What is harder is management - finding the right collection of drugs that will effectively treat a patient's diseases without introducing too many side effects. And what's even harder is anything procedural - we have no computers that can actually do procedures at all. Those aren't what most people think of as "going to the doctor", but it's what most doctors do - either manage disease, or do procedures, both of which are either mostly or severely beyond the ken of computers. Show me a computer that can do something as simple as put in an IV, and I'll be greatly impressed. So many subtleties boil down to "well, I saw something once that looked just like this, and the solution was X..." that it's worth trying X before going on to Y and Z.
My wife is a diagnostician - a neurologist. She sees stuff on a daily basis that would flummox any non-neurologist (really, I barely know what she's talking about half the time, and my peers would be much, much worse at that), let alone a computer. As the old joke goes, it's like being a car mechanic - who has to work on the car while it's doing 70 miles per hour down the highway, with zero downtime acceptable.
That's called a reputable peer-reviewed journal
... and all the peers are also doctors.
If you can find an actual flaw ...
Here is a flaw: The entire study was done with contrived "vignettes" rather than actual cases. The vignettes were written by human doctors, so just because other human doctors were better than apps at reading between the lines and figuring out the intended diagnosis, does not mean that they would be better at diagnosing actual patients.
I think there is only one clear conclusion from this study: Doctors really don't like these apps.
Do you have consistently high blood pressure? You have hypertension.
That's not really a diagnosis. That's just a different name for the symptoms. Bonus points for diagnosing "Pirmary Hypertension" which of course means "yeah dunno".
SJW n. One who posts facts.
The listed authors are someone with a Bachelor's of Arts, someone else with a Masters of Arts and a couple of medical doctors. The first MD appears to have completed a research fellowship (probably six months to a year). The senior author appears to be the most scientifically qualified, with an MSc in epidemiology. An MSc isn't exactly highly trained in science, although it is pretty good for an MD.
I have to write my own abstract this morning, but a quick scan of this thing brings up some concerns.
First, it's a "research letter" which is basically an abstract. There's very little detail about what they actually did.
Second, and perhaps most important, the responses from the humans were free text, which was evaluated (non blinded) by the study authors to decide whether or not the respondents had listed the correct diagnosis; there's no discussion of what the evaluation criteria were, what they did if the top three couldn't be established, how partial answers were handled, or what they did if more than three diagnoses were listed or not ranked.

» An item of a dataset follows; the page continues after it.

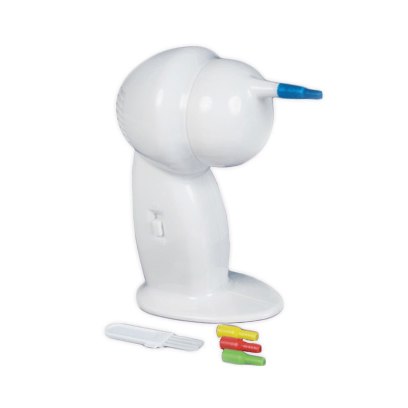 Colocar una boquilla limpia en el extremo del dispositivo. Encender el equipo y posicionar suavemente en la entrada del oído. Dejar actuar por unos segundos con movimientos circulares suaves. Apagar y retirar. Limpiar la boquilla y el filtro después de cada uso. No introducir profundamente ni usar con infecciones activas.

Third, they have repeated responses from some physicians and not others, but their simple chi squared test of proportion doesn't take that into account.
Fourth, there's no discussion of how the online programs were used: how did they input the case histories? What did they do if a question couldn't be answered? Was all the information in the case histories used by each of the programs?
Lastly, they list several limitations themselves: the vignettes they used are very simplified, the human respondents weren't controlled and may not be a representative sample (they were doctors who routinely use a volunteer diagnosis web site), and online symptom checkers are not the only type of diagnostic system and others may have superior performance.